Aim of the exercise — Return all of the data verbatim, dropping any picture.

Dataset content —
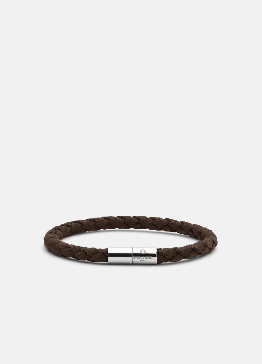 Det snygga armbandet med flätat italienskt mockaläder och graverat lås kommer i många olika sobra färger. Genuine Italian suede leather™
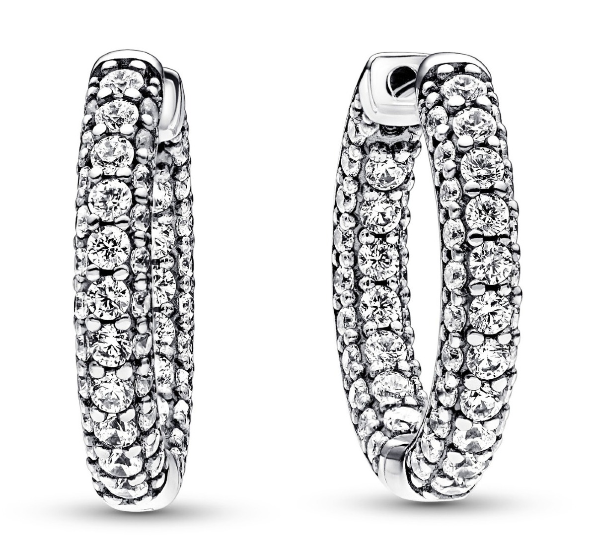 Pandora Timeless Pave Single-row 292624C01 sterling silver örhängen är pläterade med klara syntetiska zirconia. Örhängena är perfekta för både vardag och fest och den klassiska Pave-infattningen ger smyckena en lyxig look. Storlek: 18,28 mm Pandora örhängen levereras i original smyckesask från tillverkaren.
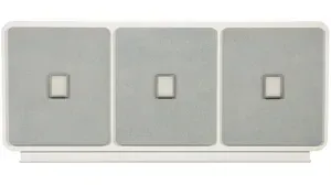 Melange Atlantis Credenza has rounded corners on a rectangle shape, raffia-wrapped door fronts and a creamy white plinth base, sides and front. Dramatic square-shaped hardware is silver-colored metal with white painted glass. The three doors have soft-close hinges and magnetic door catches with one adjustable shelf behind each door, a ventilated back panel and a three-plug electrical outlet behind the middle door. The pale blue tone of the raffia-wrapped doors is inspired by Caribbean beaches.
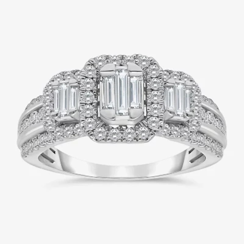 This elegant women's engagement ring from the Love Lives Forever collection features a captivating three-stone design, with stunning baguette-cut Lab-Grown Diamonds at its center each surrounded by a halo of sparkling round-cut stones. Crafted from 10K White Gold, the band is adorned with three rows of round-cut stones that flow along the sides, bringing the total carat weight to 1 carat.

Response box —
 Det snygga armbandet med flätat italienskt mockaläder och graverat lås kommer i många olika sobra färger. Genuine Italian suede leather™
 Pandora Timeless Pave Single-row 292624C01 sterling silver örhängen är pläterade med klara syntetiska zirconia. Örhängena är perfekta för både vardag och fest och den klassiska Pave-infattningen ger smyckena en lyxig look. Storlek: 18,28 mm Pandora örhängen levereras i original smyckesask från tillverkaren.
 Melange Atlantis Credenza has rounded corners on a rectangle shape, raffia-wrapped door fronts and a creamy white plinth base, sides and front. Dramatic square-shaped hardware is silver-colored metal with white painted glass. The three doors have soft-close hinges and magnetic door catches with one adjustable shelf behind each door, a ventilated back panel and a three-plug electrical outlet behind the middle door. The pale blue tone of the raffia-wrapped doors is inspired by Caribbean beaches.
 This elegant women's engagement ring from the Love Lives Forever collection features a captivating three-stone design, with stunning baguette-cut Lab-Grown Diamonds at its center each surrounded by a halo of sparkling round-cut stones. Crafted from 10K White Gold, the band is adorned with three rows of round-cut stones that flow along the sides, bringing the total carat weight to 1 carat.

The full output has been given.